Maximize Data Locality :
Research in parallel algorithm design has developed a variety of techniques that can be often
used to reduce the communication and increase the data-locality. One commonly used technique
is to replicate data that is frequently accessed but not changed on all the processors. Data
replication is very powerful and can significantly reduce the amount of communication.
However, care must be taken to ensure that data-replication does not significantly increase
the aggregate memory requirements of the algorithm.
Another technique that often decreases the amount of time spent in communication is
to increase the amount of work performed by each processor by using fewer processors.
This approach essentially builds data locality by simply assigning more data elements
to each processor. Note that this approach is in direct conflict with the objective of
using a large number of processors and exploit as much concurrency as possible.

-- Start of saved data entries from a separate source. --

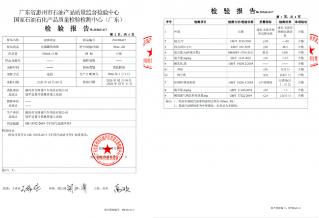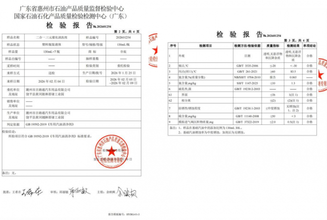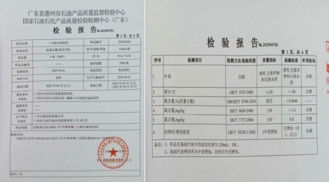 为验证产品升级成效,仆旅公司委托国家石油石化产品质量检验检测中心(广东)等权威机构对产品进行全项目检测。同时,广州市天河区市场监督管理局也对该产品开展了执法抽检。双重检测结果均印证了仆旅产品的品质稳定性与合规性,核心指标表现亮眼,多项数据远优于标准限值。
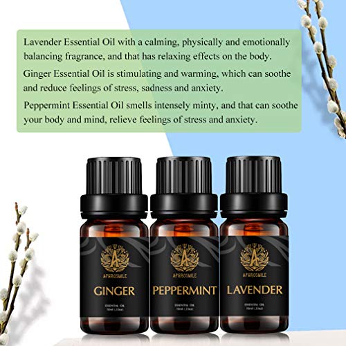 Aromaterapia zenzero olio essenziale Set per diffusore, 3X10ml 100% Pure lavanda Oil essenziale Kit for Humidifier-lavanda, zenzero, menta piperita oli essenziali Set, aromaterapia Peppermint Oli Kit
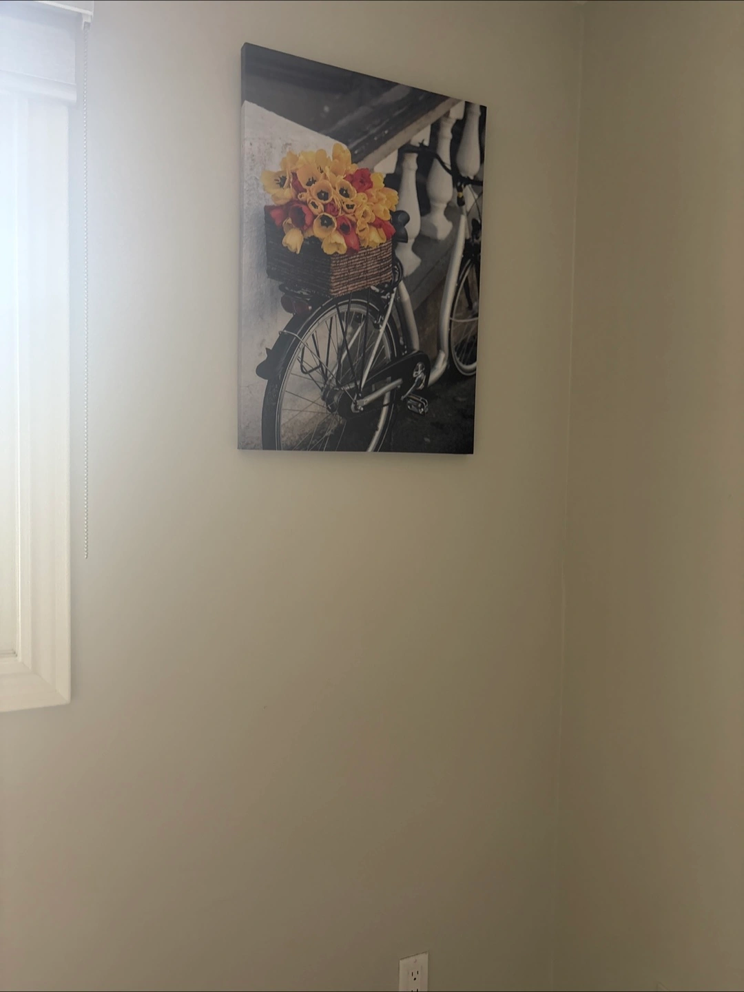Print of a bike with a basket of flowers. The wall art is hung on a wall. Hang it in your home for a relaxing and comforting feeling💚

Parallel algorithms and programs should be developed so that they can effectively
operate on a wide range of processors.
Minimize data Transfer :
Selecting a parallel algorithm that minimizes the frequency of data transfers is preferable,
even if it does not reduce the overall volume of data being transferred.
This is usually achieved by first gathering the data that needs to be of time required
to transfer the data. Transfer of data is also highly desired in sequential algorithm,
which is similar to minimizing communication. On a serial computer, every time
a word not residing in the cache is accessed, a predetermined number of words equal to
the size of the cache-line are transferred from the main memory to the cache memory.
Effective sequential algorithms must use most of these words otherwise significant bandwidth
is wasted.
|
Debugging Multi-Threaded Applications - Overview:
Multi-threaded applications are inherently more complicated than single-threaded applications.
The bugs may or may not surface when running under the debugger. Multi-threaded bugs are very
sensitive to the timings of events in an application.
Commercial multi-threaded tools such as Intel Thread Checker, Intel Vtune Performance analyzer,
Sun Studio and Etnus - total View Debugger and Open Source Tools such as MPI Performance Analyzer may provides quite lot
of clue to application developer to find the reasons for failure of the program as well as enhance the performance
of the program on Multi-core processors. The common debugging tools and thread checker may assist the user to
know abnormal behavior of multi-threaded program. Also, obtaining correct results for multi-threaded program is difficult
due to common errors in multi-threaded program such as data race conditions and synchronization issues.
Debugging :
The common coding errors that cause the multi-threaded program to fail should be investigated. Two categories of bugs founding multi-threaded applications are synchronized bugs and performance bugs. Synchronization bugs include race
conditions and deadlocks that cause unexpected and incorrect behavior. Performance bugs arise from unnecessary thread overhead due to thread creation or context switch overhead, and memory access patterns that are suboptimal for a given processor's memory hierarchy. There are debugging synchronization bugs that cause application to fail and information
such as accessing the shared resources at the time of failure and at the time of access to shared resources.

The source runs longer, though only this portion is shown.